Expression of breast cancer stem cell markers CD44⁺/CD24^-/low in R2d and R2N1d cells and Modulation of HER2, Oct-4, AKT and HDAC6 expression in R2N1 cells by cell culture condition. A, higher frequency of CD44⁺/CD24^-/low cells was found in R2N1d cells than R2d cells (~50% vs. ~10%). R1 region denotes a small population of CD44^high cells which was increased in R2N1d cells.
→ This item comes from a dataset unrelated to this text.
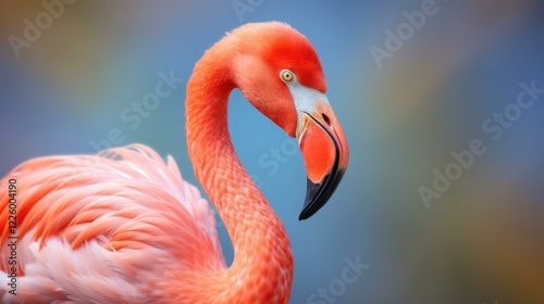 A vibrant red flamingo stands gracefully in nature, with a soft focus backdrop enhancing its stunning beauty.

The fluorescence cut off level: high expression was fluorescence intensity > 10³; negative or low expression was fluorescence intensity < 10². B, CD44⁺/CD24^- cells sorted by flow cytometry tend to show contact-insensitive growth in confluent culture and gave rise to non-adherent cells in suspension. By flow cytometric analysis (C, E), and by western blotting (D), adherent cells and re-attached cells were found to be HER2⁺/OCT4⁺/AKT⁺/HDAC6⁺, whereas non-adherent cells were HER2^-/OCT4⁺/AKT ^-/HDAC6^-. The length of the scale bar of these photos is 100 μm.

Figure 6

Tumorigenicity of 3 types of R2N1d cells in immune-deficient mice. Adherent (CD44⁺/CD24^- sorted), non-adherent and re-attached R2N1d cells were inoculated subcutaneously into nude mice for tumor development. Only those mice inoculated with adherent and reattached R2N1d cells showed visible and palpable tumors 4 weeks after inoculation; Mice inoculated with non-adherent R2N1d cells developed tumors after 24 weeks. Histological sections of resected tumor harvested at 4 weeks (from adherent and reattached cells) or 24 weeks (from non-adherent cells) showed HER2 expression. The length of the scale bar of these photos is 100 μm.

Figure 7

A diagram depicting the change in HER2 expression and tumorigenicity of R2N1d (CD44⁺/CD24^- sorted) cells due to cell culture condition. Adherent R2N1d cells were OCT4⁺/HER2⁺ and highly tumorigenic (tumor developed in 1 month after inoculation), the non-adherent R2N1d cells detached from confluent R2N1d cells in suspension were OCT4⁺/HER2^- and took longer time (6 months) to develop tumor at lower frequency. The reattached R2N1d cells from non-adherent cells were similar to parental adherent cells in OCT4⁺/HER2⁺ expression and tumor development.